8/10
An Anti-War Movie
3 August 2019
This is the saga of a family of farmers, some of whom become distinguished soldiers and even generals. It begins the evening when one of their numbers comes home, having captured an enemy general, earning great praise. That night, his nephew is born, as is the son of the local daimyo. We don't follow the nobleman, but the farmer, as he grows up, is persuaded not to run off to war by getting him a wife, has sons and daughter, and.... well, 'persists' is the best word I can think of, while other men in his family go to war and die, while the women move to town, and go mad, while the river Fuefuki flows outside the house that everyone refers to as an 'insect trap.'

Keisuke Kinoshita's movie is an epic, but it breaks the rules, by being an anti-war epic. It's shot in wide screen, with an aspect ratio of 2.35:1, but it's not shot in color, color is shot through it, in tints and tones and what looks like Handschlegel effects, and gels that color part of the screen like airbrushed clouds. This is the war of the samurai class, so these splashes of color suggest old scrolls. However, that's during battles, and the aftermath. When it's just the peasants, and no one is dying, it's all black and white. Back when this was made, black & white was the film of reality. Color was for fantasy, or perhaps madness. Over all, it's saying "We could do this sort of movie straight and make the Big Bucks. That's not we want to do."

There's quite a cast, and Kinoshita and his regular cameraman, Hiroshi Kusuda, know how to fill that wide, wide screen. The samurai sequences are shot as well as anything that Kurosawa did, but his sequences lack Kurosawa's bravado.... and his humor.
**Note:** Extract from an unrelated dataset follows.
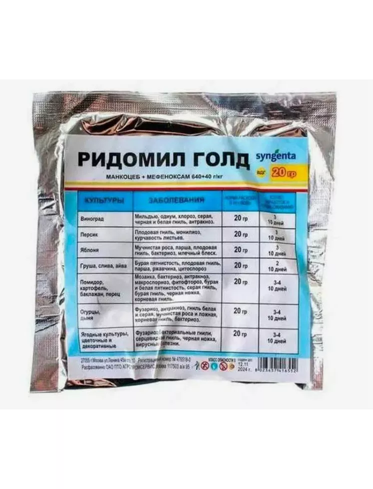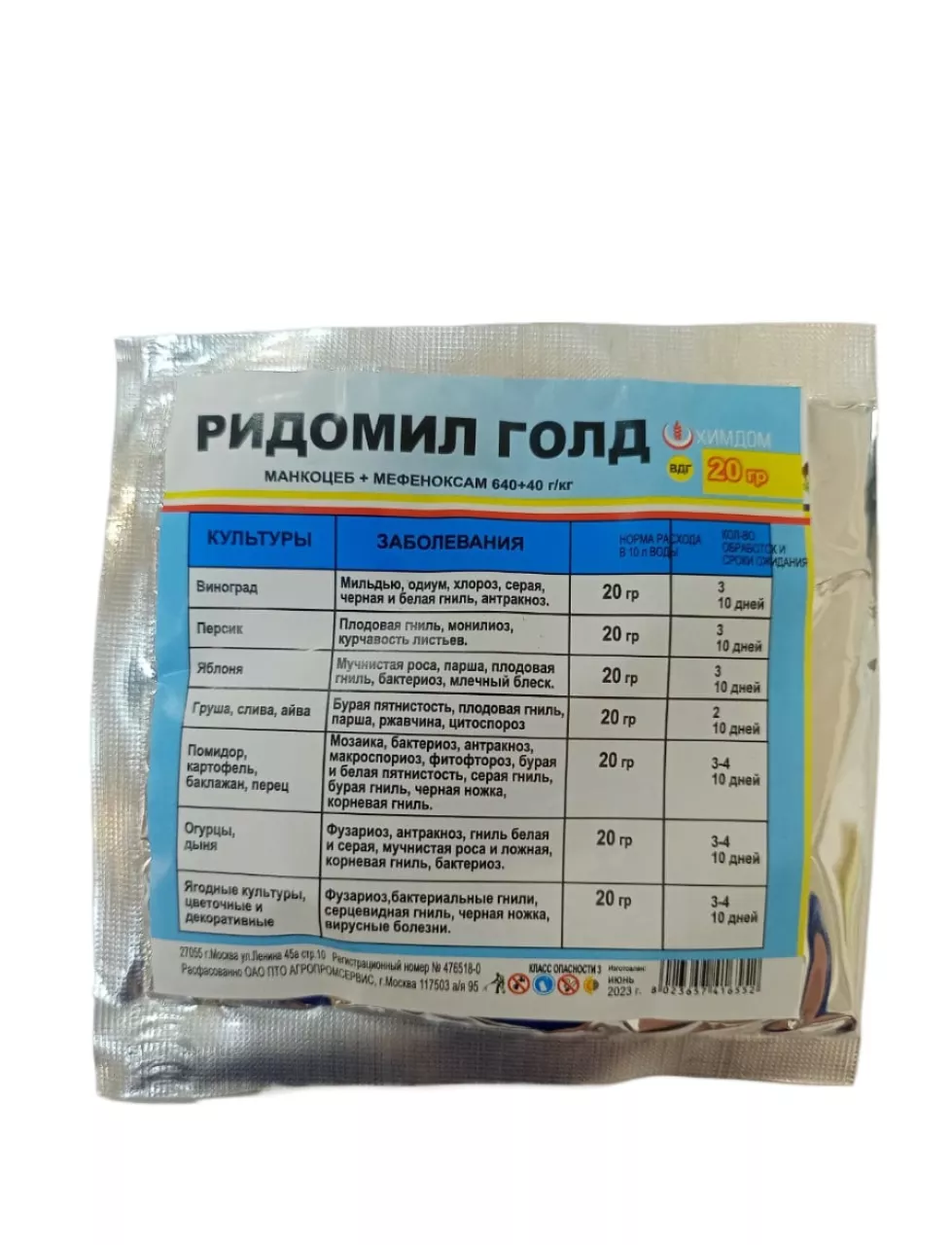 Препарат эффективен против Милдью (ложная мучнистая росы винограда), это грозное заболевание может уничтожить весь урожай винограда буквально за несколько дней и характеризуется следующими признаками: как и у огурцов, листья лоз сначала покрываются маслянистым желтым налетом сверху и грибницей снизу, а затем подсыхают и опадают. Кожица пораженных ягод винограда сморщивается.

Kurosawa's samurai might be stupid, but they are always noble. There are no crippled mothers in Kurosawa, so far as I can recall, hobbling along as fast as a mounted army, begging her sons to come home. There are no samurai killing themselves so they won't suffer the agonies of burning to death, while priests sit calmly. There are no silk merchants burned to death because they dare to be rich in Kurosawa's films.... although perhaps he and his collaborators might write it so they deserve to die for other things. Because they are not samurai, they are merchants, and so they are evil.

Well, Kurosawa's family was a samurai family. I have no idea about Kinoshita's family. In 2019, this looks like going well overboard to make a point. Given the popularity of samurai movies when it was made, I'm not sure.